Out of Ink: Future Publishing Industries probes the thresholds and blurred seams between digital and print publishing and also develops practices and concepts that more accurately define and drive acts of publishing today.
The initiative applies practice-based research by using active publishing imprints (Theory on Demand, Network Notebooks, INC Readers, etc.) to test aspects of the entire publishing process. The initiative, which specifically focuses on the production of scholarly and theoretical non-fiction work, tests a widening landscape of distribution platforms and asks how the content and design of a written work translates across print and digital mediums. One aim is to act as an organized facilitator of DIY practices, to further professionalize them and provide a model for others.

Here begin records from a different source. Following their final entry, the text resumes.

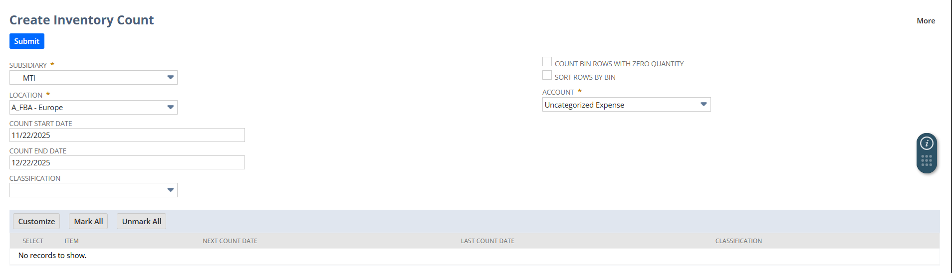 We need to set the “Next Inventory Count Date” for each item location in order to make the item available in the Create Inventory Count list.
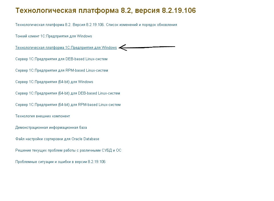 Далее выбираете платформу 8.2 или 8.3, щелкаете, а далее "Технологическая платформа 1с.... для Windows"
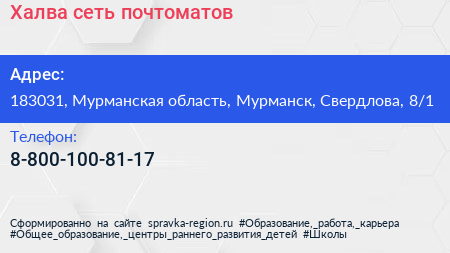 Халва, сеть почтоматов по адресу 183031, Мурманская область, Мурманск, Свердлова, 8/1 в дальнейшем Организация, размещена в следующих категориях:
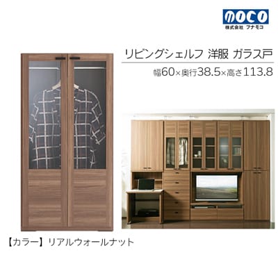 単独使用以外にもローチェスト(FL〇-75S)の上に連結して【高さ228cm】の壁面スタイルも可能です。
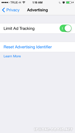 ในส่วนนี้เป็นการติดตามพฤติกรรมผู้ใช้เพื่อนำมาใช้กับการโฆษณาให้ตรงกลุ่มเป้าหมาย ซึ่งไม่จำเป็นต่อผู้ใช้งานอย่างเรา ดังนั้นเข้าไปเปิดได้ที่ Settings >> Privacy >> Advertising >> Limit Ad Tracking แล้วกดเปิด (กดเปิดเป็นการปิดครับ)
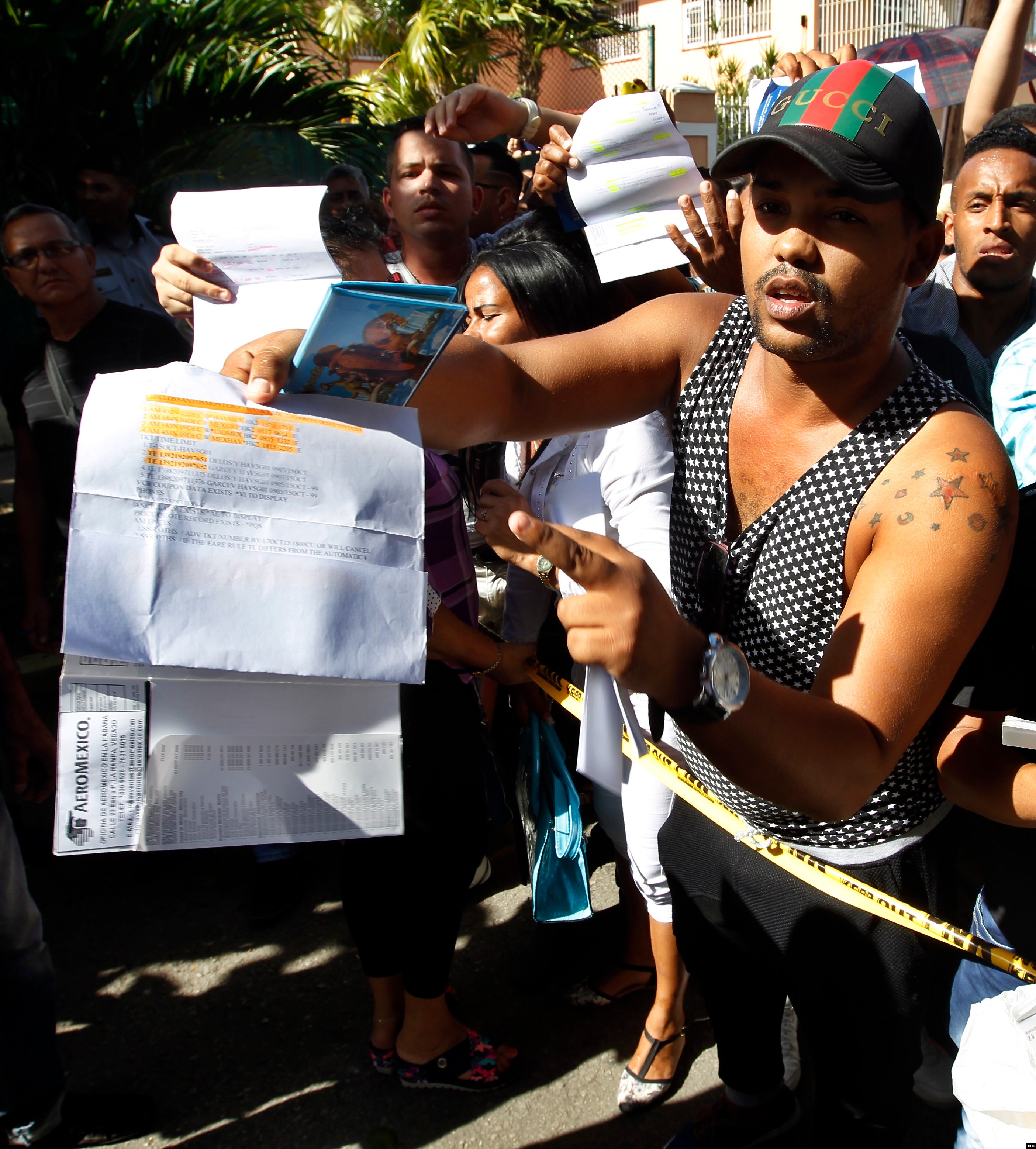 Los manifestantes dijeron estar frustrados por la nueva regla del Gobierno de Ecuador que pedirávisa a los cubanos antes de visitar el país sudamericano a partir del 1 de diciembre.
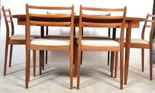 A 1970's G-Plan Sienna range teak wood extending dining table and chairs suite. The table being raised on turned legs with extending centre. Together with matching chairs. Measures: 80cm high x 205cm wide x 46cm deep.
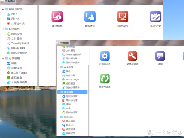 控制面板包含“用户与权限”“网络服务”“存储管理”“通用设置”“系统状态”,这个就相当于windows的控制面板功能,系统所有的关于整机的设置都在这边进行。各个硬件功能的查看和监控;回复出厂设置,软关机和重启功能也在这里。
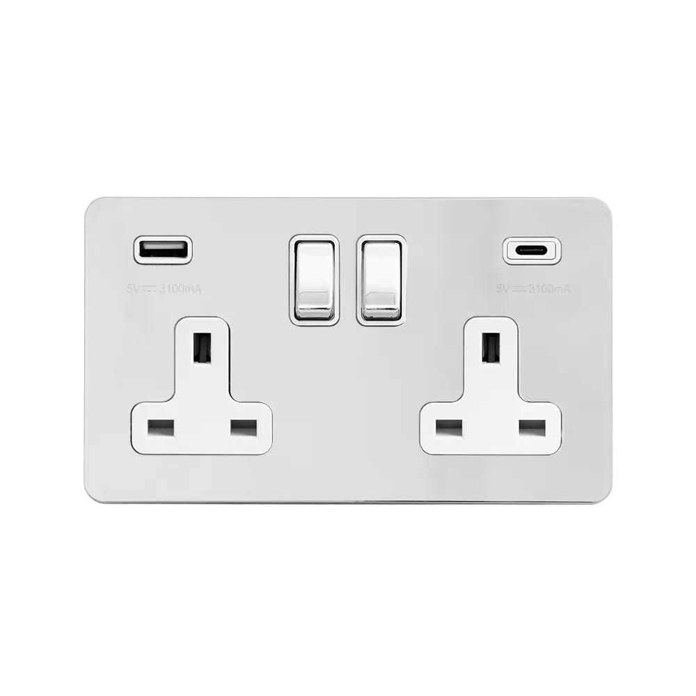 The Finsbury Collection Polished Chrome Flat Plate 2 Gang USB A+C Socket (13A Socket + 2 USB Ports A+C 3.1A)
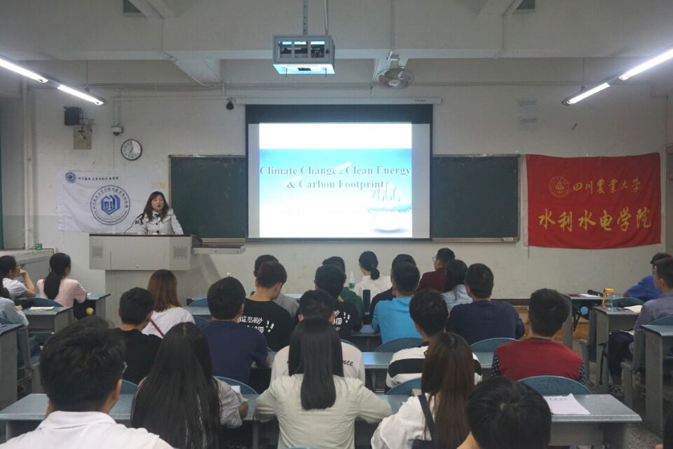 罗婷以“Climate Change,Clean Energy and Carbon Footprint(气候变化、清洁能源与碳足迹)”为题,简洁明了的从气候变化原因、清洁能源使用、以及地球生命体生活行为的碳含量、排放量等方面进行了讲解。
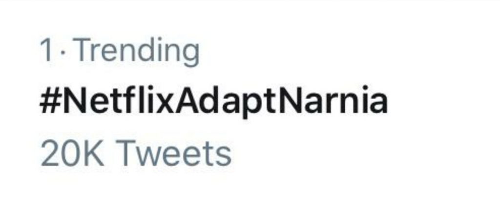 This prompted Brazilian fans to organize a hashtag to alert Netflix that they’re still very interested in Narnia adaptations and want news. The plan was simple – starting at 5 pm (EST) fans would tweet as many times as possible using the #NetflixAdaptNarnia tag.
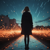 train tracks at night. The girl is looking off into the distance, and she seems to be in motion, as suggested by her
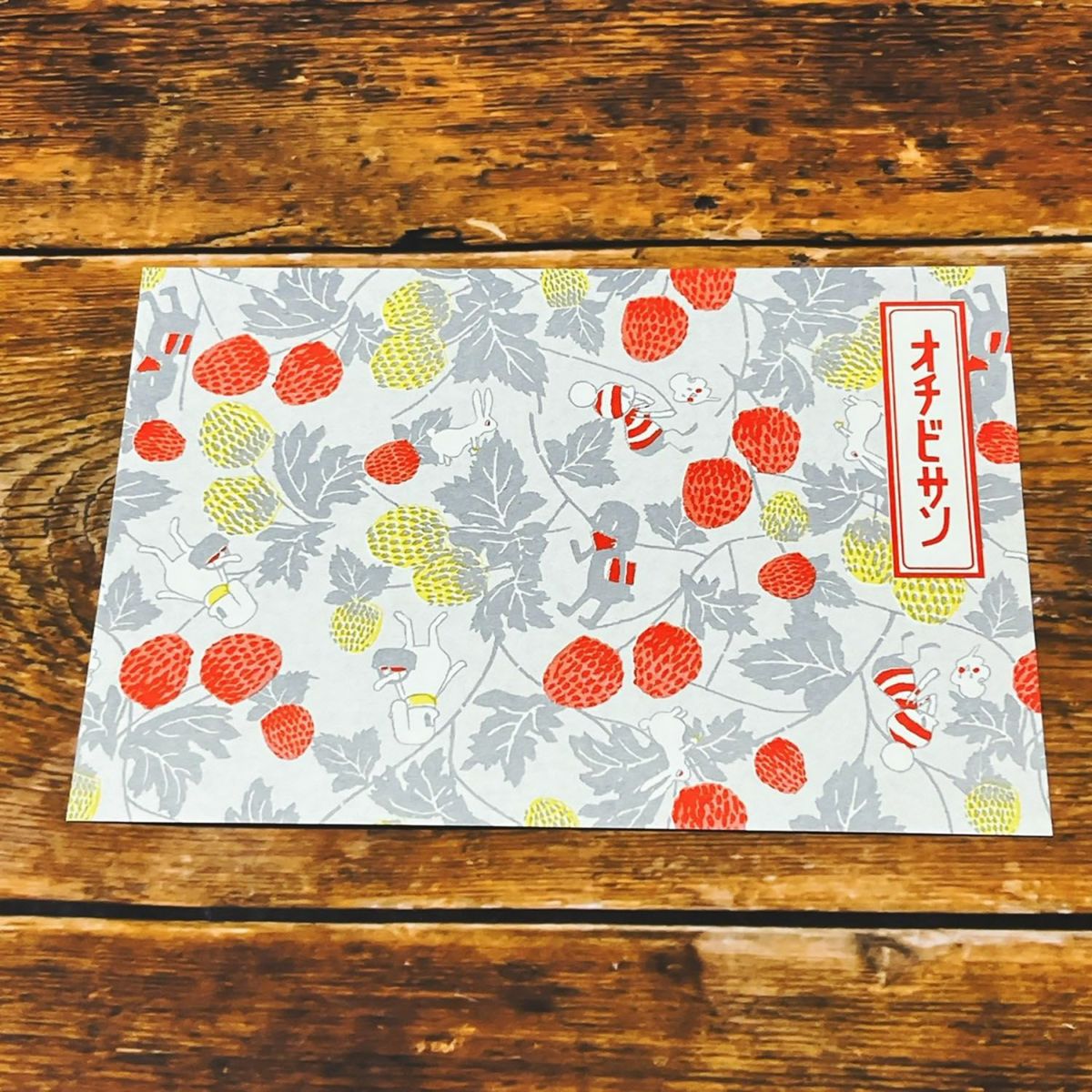 BOX&NEEDLEコラボによる「オチビサンの宝箱」デザインの「いちご柄」「おいも柄」をポストカードにしました。
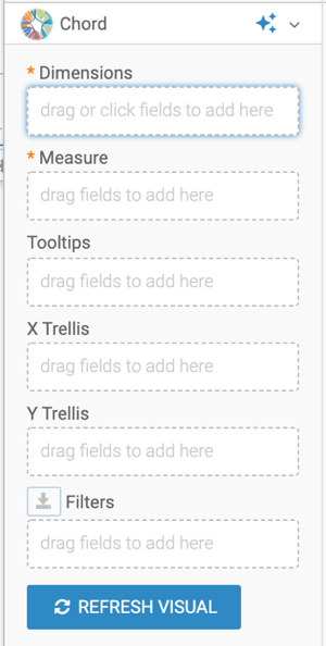 For an overview of shelves that specify this visual, see Shelves for chord visuals.
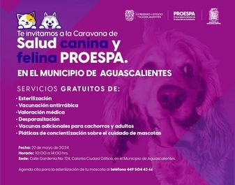 El Gobierno del Estado, a través de la Procuraduría Estatal de Protección al Ambiente (Proespa), invita a las y los propietarios de mascotas a participar en las Caravanas de la Salud Canina y Felina que se realizarán en los municipios de Aguascalientes y Rincón de Romos.
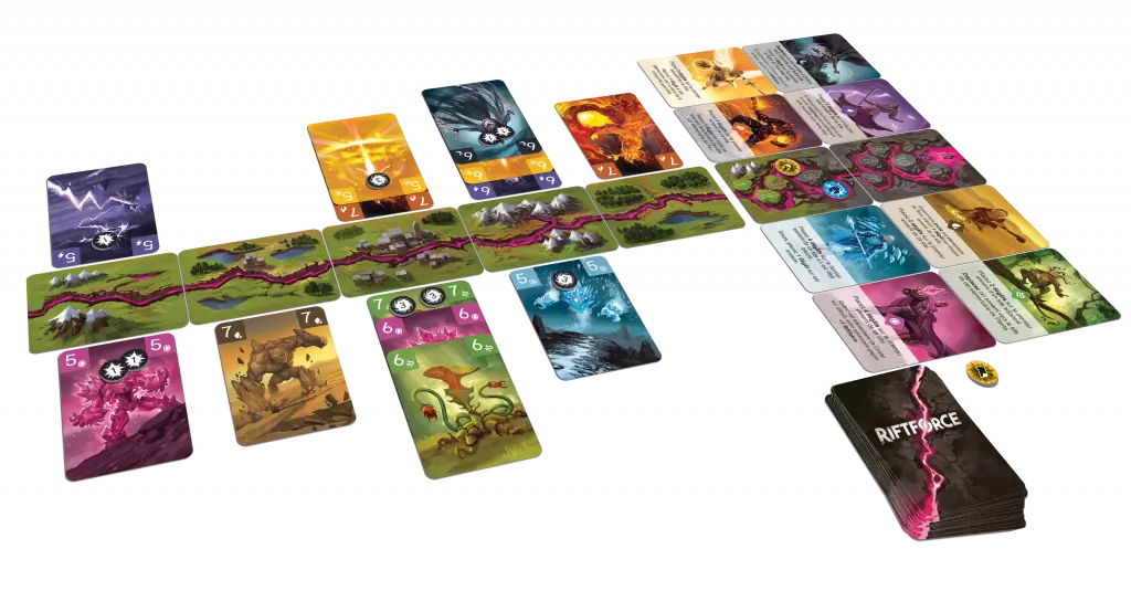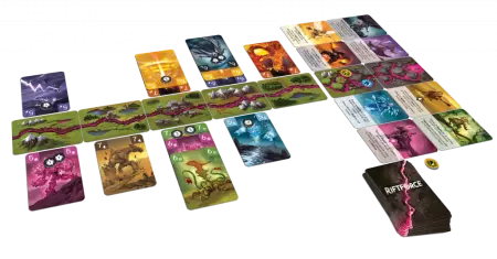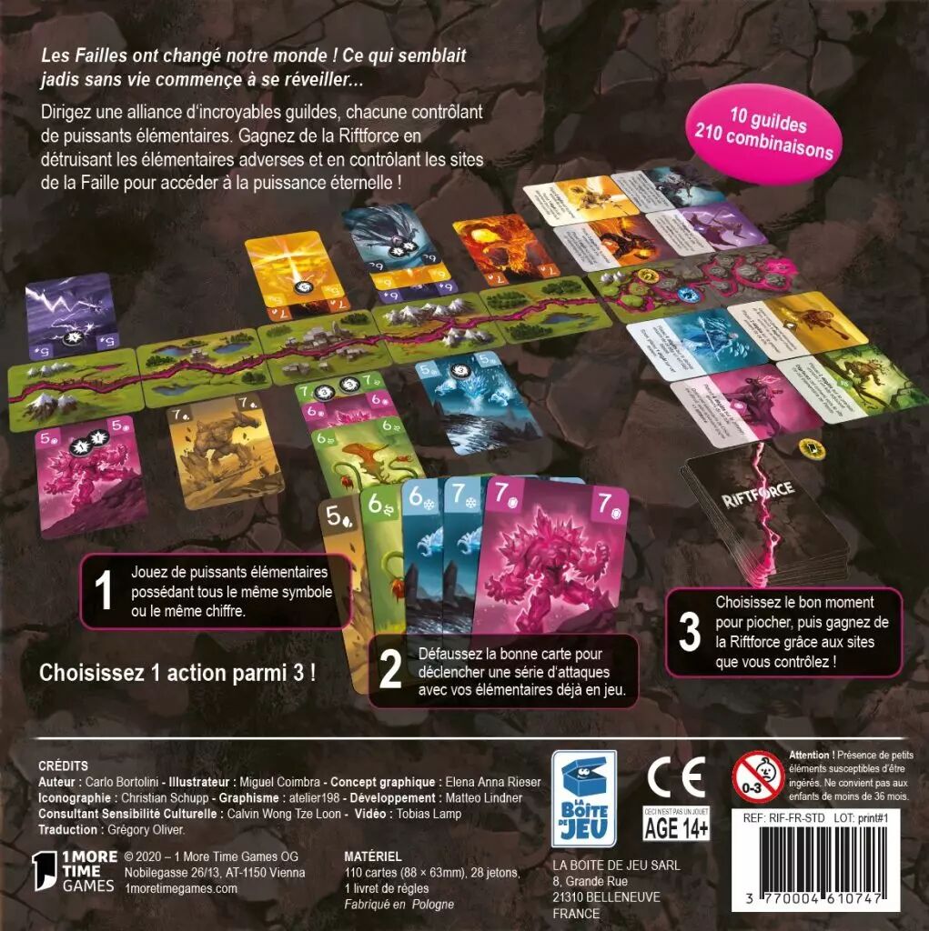 Invoquez et activez vos cartes de symbole ou de valeur identiques. Gagnez de la Riftforce en détruisant les élémentaires adverses et en contrôlant les sites de la Faille !

Beyond this, the initiative sees publishing as more than communicating and distributing an author’s idea to a public but also as a way to challenge legal, technical and social standards embedded in intellectual property, scholarly communication, and notions of authorship. This is because the tools of ‘professional’ publishing are more widely available than before, in the form of software, ubiquitous office printers, and cheap binding machines. This condition is impacted by a copyright system upheld through outmoded legal tools that often favor corporate publishers. Publishing can then be seen as a way to experiment with disruptive revenue models, novel legal tools, and possible forms of knowledge production that combine digital and analogue means.